И пока они шли к дому Марка, Гай без умолку говорил о своих обидах:
— Нет, Гераклид, на свете страны более жестокой со своими гражданами, чем Рим! Когда Ганнибал разбил нас под Каннами, надо было сорвать на ком-то зло, и тогда трусы, виноватые в поражении, и в первую очередь Варрон, обвинили в трусости и предательстве нас, которые собрали остатки армии и фактически спасли город!..
Я готов терпеть голод, усталость, боль. Но подчиняться несправедливости!..
Так они дошли до дома Марка, через незакрытую калитку вошли в сад и застали хозяина сидящим в раздумье у порога перед большим вогнутым зеркалом.
Увидя гостя, Марк вскрикнул от неожиданности, потом
— Гай Прокул, живой, у меня! — Марк с беспокойством и радостью теребил друга. — В каком ты виде! Ты потерпел кораблекрушение? Я вижу… Боги, сколько же, верно, тебе довелось пережить! Ты нуждаешься? Не тревожься: мой дом — твой. Сейчас Сабин приготовит ванну, ты смоешь дорожную грязь вместе с заботами. Как я часто вспоминал тебя все эти годы, Гай!

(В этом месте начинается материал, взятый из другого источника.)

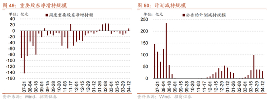 从资金需求来看,重要股东由净减持转为净增持,计划减持规模下降。本周重要股东二级市场增持45.5亿元,减持37.5亿元,净增持8.0亿元,由净减持转为净增持。其中,净增持规模较高的行业包括银行、电力设备、社会服务等;净减持规模较高的行业包括非银金融、汽车、机械设备等。本周公告的计划减持规模为30.9亿元,较前期下降。
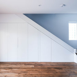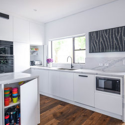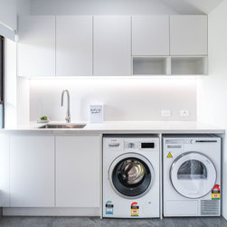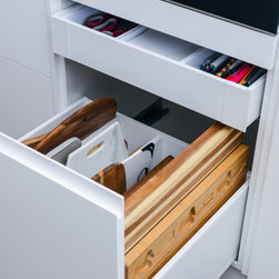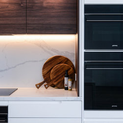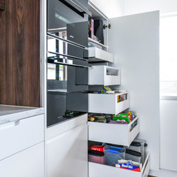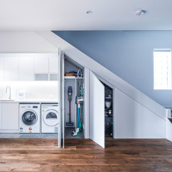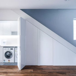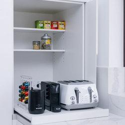 Minimalistic Kitchen | Pull-Out Appliance Nook | Under Stair Laundry | Mesh Bar
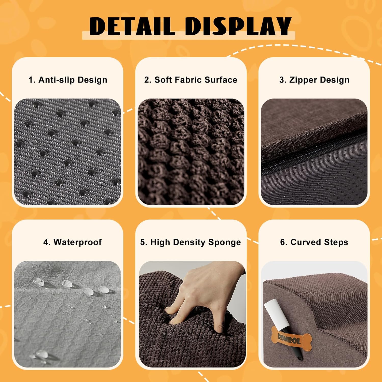 - PET HAIR REMOVER ROLLER: The package also includes a pet hair remover roller to help you easily remove hair from your pet steps and keep it clean at all times. Also can use it to remove pet hair from everyday clothes, sofas, blankets. It won 't destroy the fabric surface. Easy to tear off after use. The brand label on the side of the pet ramp is convenient for storing the Lint Roller, and you can also put your pet's favorite toys here
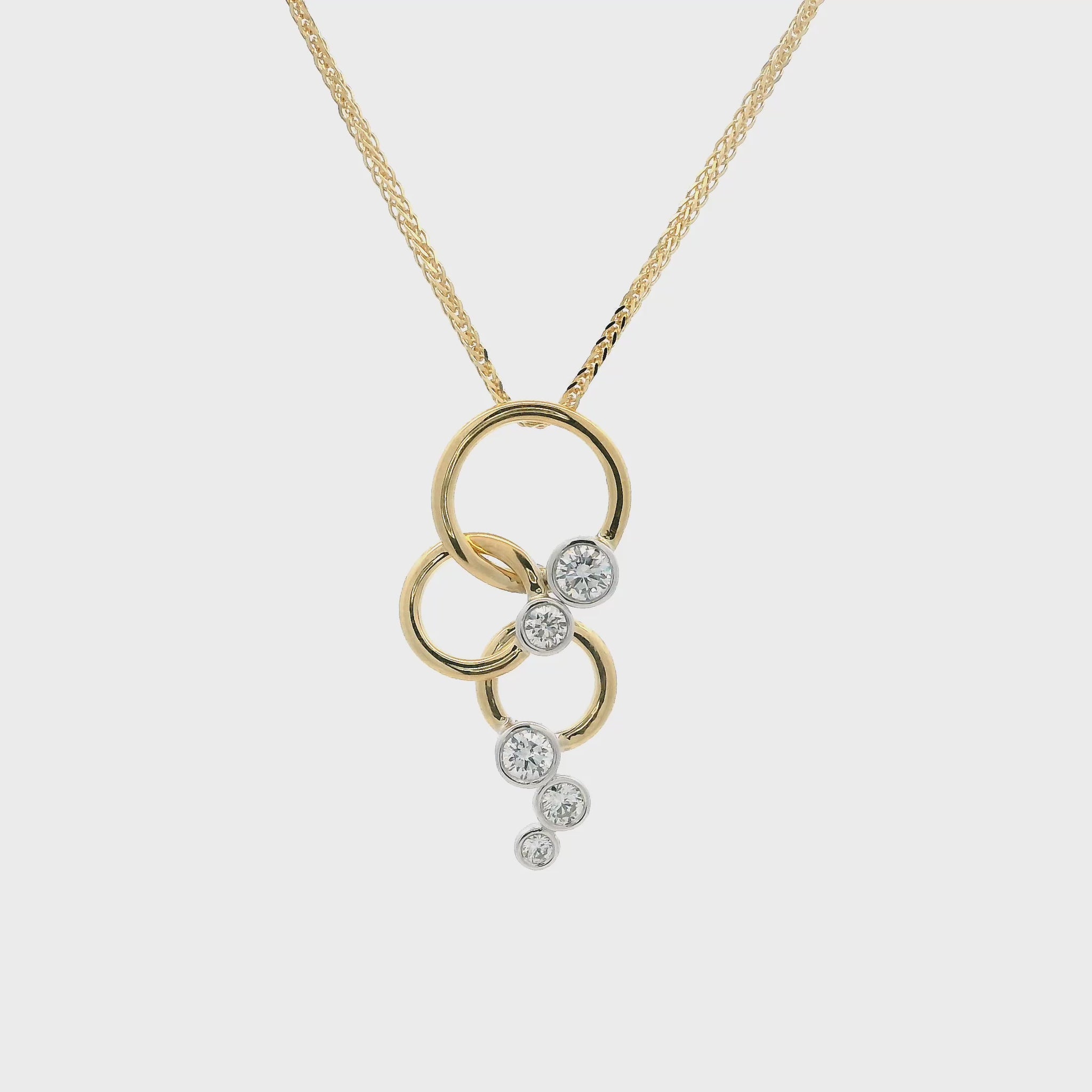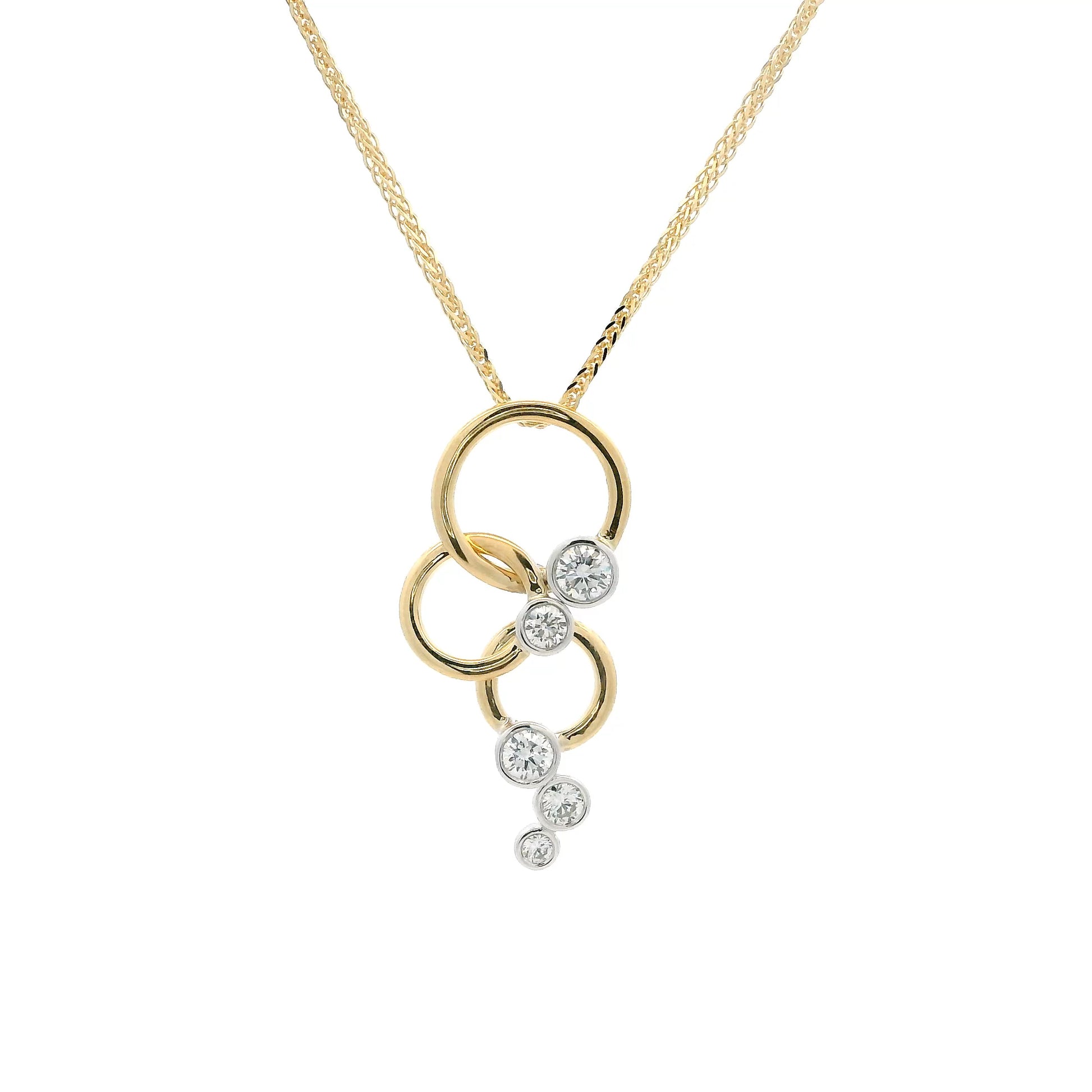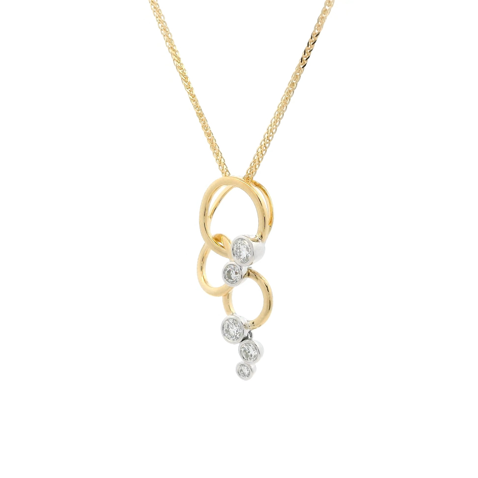 Round Diamond Bubbles And Yellow Gold Rings Drop Pendant

— Ну вот и все, — сказал растроганный Гай, высвобождаясь из объятий и садясь на скамью, — вот и все, Марк. Как ты прав, что нашел себе тихое место вдали от кровавых рек, затопивших мир… Да, я потерпел кораблекрушение тогда, при Каннах… О, как нас побили! Страшно вспомнить! Пятьдесят тысяч полегло наших. Когда консул Эмилий Павел был убит, а Варрон позорно бежал с поля боя, остатки войска вернулись в лагеря. Их было два — наш, малый, на том же берегу Ауфиды, что и стан Ганнибала, и большой, где стояло войско Баррона. Я оказался старшим по чину, положение было отчаянным. Я приказал выставить караулы, отправил отряды вытаскивать раненых, велел готовиться к утреннему отступлению. И тут явился военный трибун из большого лагеря, Публий Семироний Тудитан, этот выкормыш Варрона, и стал звать нас перейти в его лагерь и всем вместе ночью бежать в крепостишку Канусий. Все это выдавалось за прорыв из окружения, за героизм! А на деле он предлагал спасаться тем, кто был в состоянии перейти реку, предлагал бросить раненых, бросить на произвол судьбы тех, что еще бродили среди трупов и подходили, продолжали подходить всю ночь! И человек шестьсот ушли с ним, бежали, ничем не рискуя, в Канусий, оставив знамена, раненых, оружие. Но они герои, а мы, которые спасли товарищей, мы оказались у них трусами и предателями! Мы, мол, собирались сдаться! Они судили по себе, подлецы. Трусы обвинили в трусости честных воинов, выполнивших долг. И, представь, сенат слушал не нас, а их. Мы наказаны ссылкой в Сицилию до конца войны! Встречал ли ты большую подлость? Нет, с меня хватит!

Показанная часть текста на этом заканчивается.